Ice, Ice Baby

The ice is back with a
not-so-brand-new invention
Abajian v. TruexCullins, Inc., 2017 VT 74

By Elizabeth Kruska

Nothing like a good Vermont Supreme Court opinion in the waning days of summer to remind us about what inevitably lies ahead: winter. In the abstract, Vermont winter is beautiful. Crisp, brilliant days. Sparkling, swirling snowflakes. Cozy evenings with cocoa and a good book. In reality, it’s the longest eleven months we have here, or however long that dang-blasted season runs. It’s dark. It’s so cold sometimes you wonder if your lungs are going to ice over when you breathe outside. Oh, and then there’s the snow. Mountains and piles and buckets of snow. And ice.

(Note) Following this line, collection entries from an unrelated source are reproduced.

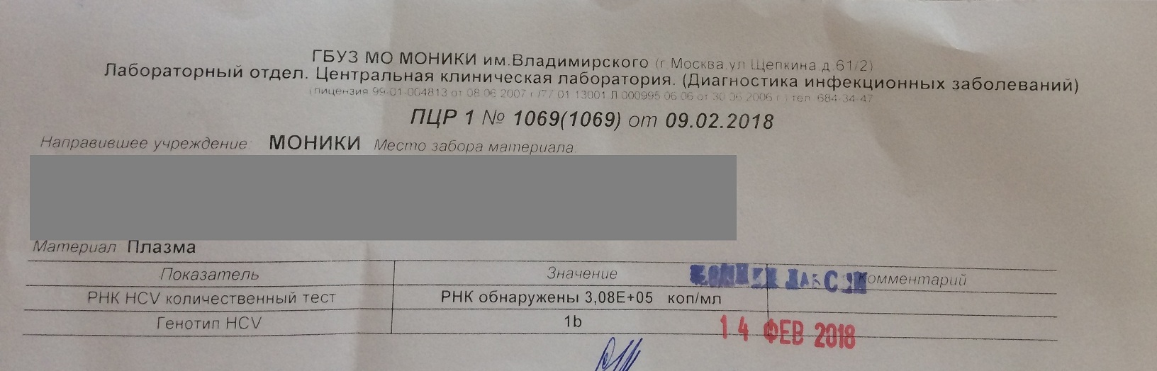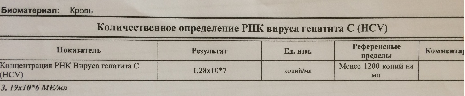 На этом бланке в левом углу и в МЕ/мл замеры количества вируса - 3190000 ме/мл.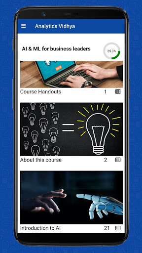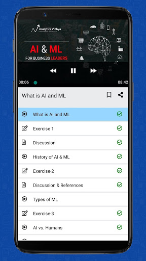 This AI and ML for business leaders app offer you the ultimate free course. This is a completely free course and is for business managers/ leaders who want to understand the current state of AI and Machine Learning, how they are disrupting businesses globally and in diverse fields, how they might generate an impact in your current role and to understand various building blocks of Artificial Intelligence (AI) and Machine Learning (ML). It will also explain why it is necessary for you to have a high-level overview of these topics in today's data-driven world.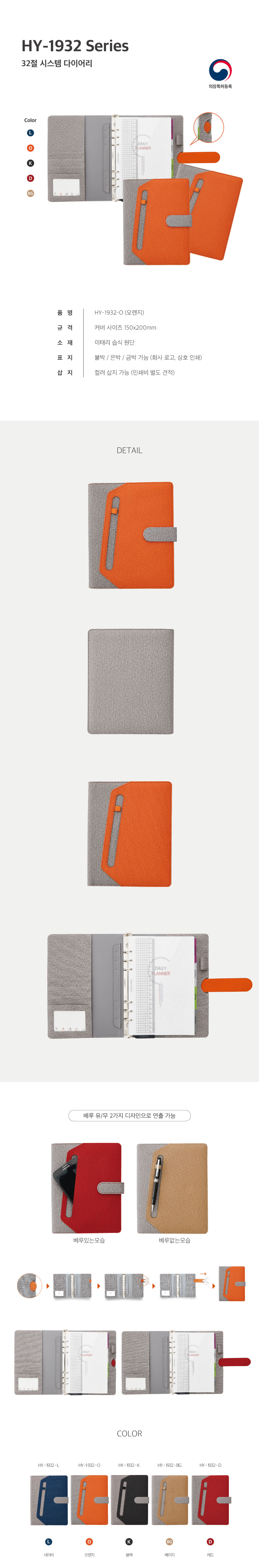 HY 1932 / 6공 시스템 다이어리 / 오렌지 / 32절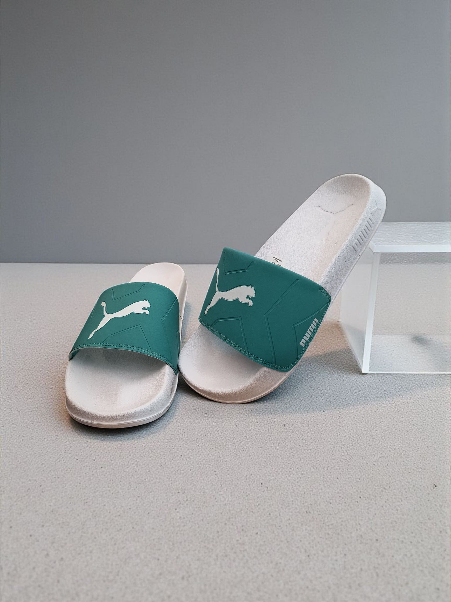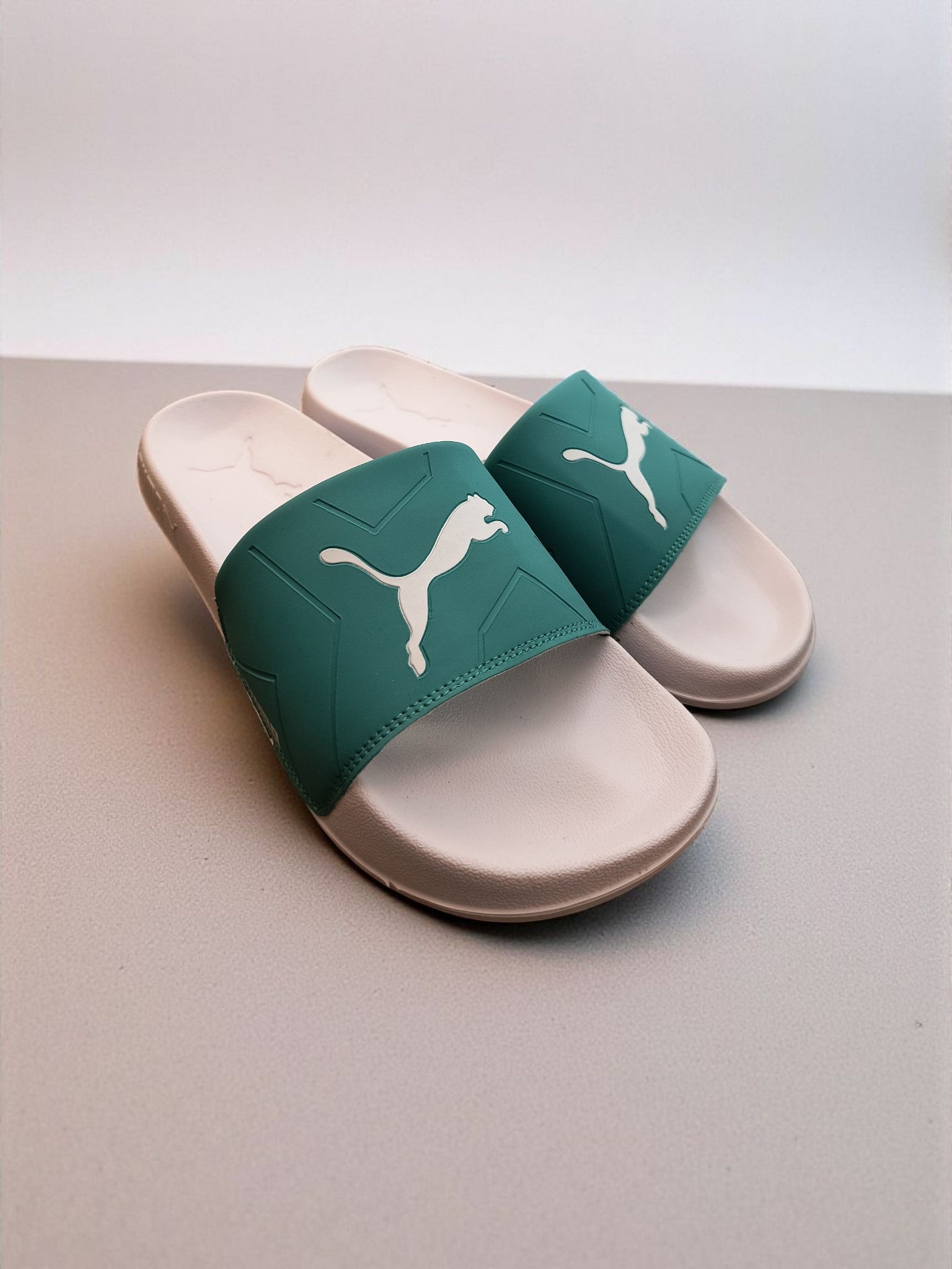 Puma Logo Printed Sliders for Men Green White

And that brings us to the problem here. The Abajians own a house in Williston, and in 2001, decided to put on an addition and also to repair the roof. They hired an architect to design the roof. The prior roof had shingles, and as shingled roofs sometimes do, this one had the propensity to get ice dams. For those unfamiliar with ice dams, here’s what they are: they’re a pain in the tuches. They’re big wedges of ice that form in crevasses, or by the eaves of a roof. Then when snow melts and starts to slide, or water slides down (gravity! Yay!), the ice dam prevents the snow or water from moving. It’s gotta go somewhere, so it starts to leak into the roof. Nobody wants a leaky roof.

So, the decision was made to replace the shingled affair with a standing seam roof. Standing seam roofs are cool. The snow just slides right down to the ground with a loud and sometimes terrifying thud. No muss, no fuss, no ice damming, and no leaking.

Except this roof. This roof started ice damming almost immediately (from what I can tell in the opinion; if it wasn’t that same winter it was the following winter). The Abajians had some damage to the inside of the house from the resultant leaks. It was bad enough that they made an insurance claim. They tried some other fixes, like installing snow guards, to help prevent the damming. They used some caulk to try to seal up the breaches in the roof. They noticed some rusting in around 2005, and in an attempt to prevent the spread of rust, painted it. None of these things worked. The ice kept damming, and the roof kept leaking. Eventually they took up parts of the roof and discovered significant rust, as well as wood rot on the underside.

They filed suit against the architect and the roof company in 2014 because they had a defective roof. Based on the description in the opinion, this wasn’t an especially effective roof. Well, it probably kept out squirrels and other monsters, but it was leaky and caused damage to the inside of the house.

The defendants filed a motion for summary judgment, which was granted, and which SCOV upholds.

Nobody disagrees with the facts here, which, we’ve said eleventy jillion times is necessary for summary judgment. The question is whether, as a matter of law, and when there is no genuine issue of material fact, the moving party is entitled to judgment on the law.

The problem in this case is the timing. This is just me speculating, but based on the description, it really seems like the Abajians tried a lot of different ways to salvage this failing roof without having to replace the whole thing. I don’t blame them. Roofing is expensive and it tears up your house. The problem, though, is that they tried things and waited too long to bring suit. It appears that roof litigation is a bit of a thing, and that there are some fairly well-settled concepts that are understood with respect to roofs.

There’s a statute of limitations. In Vermont, and for this particular kind of issue, it appears to be six years. It’s not just six years, but six years from the time the failure is known. So, if the facts were different, and the roof performed its roof duties for a couple years and then failed and the failure was noticed five years in, that would start the clock.

The homeowners try to argue that it wasn’t until they took up the roof panels in 2014. At that point they had experienced more significant roof leaks and hired a new roofing company to investigate. They point out that they’re not roofing experts, and it wasn’t until someone started to look under the roofing panels that they realized the problem.

SCOV disagrees. Here, the roof failed almost right away. Not only that, but the homeowners noticed—they had damage to their interior as a result of roof leaks and had to make an insurance claim. SCOV points to this and indicates they should have been on notice of the roof failure within the first year. That would start the statute of limitations clock. Normally the time of when an injury is discovered or discoverable would be a jury question. But SCOV finds that since so much time elapsed, and it was clear there was a breach of the roof very early on that it is reasonable to conclude that the applicable statute of limitations had run.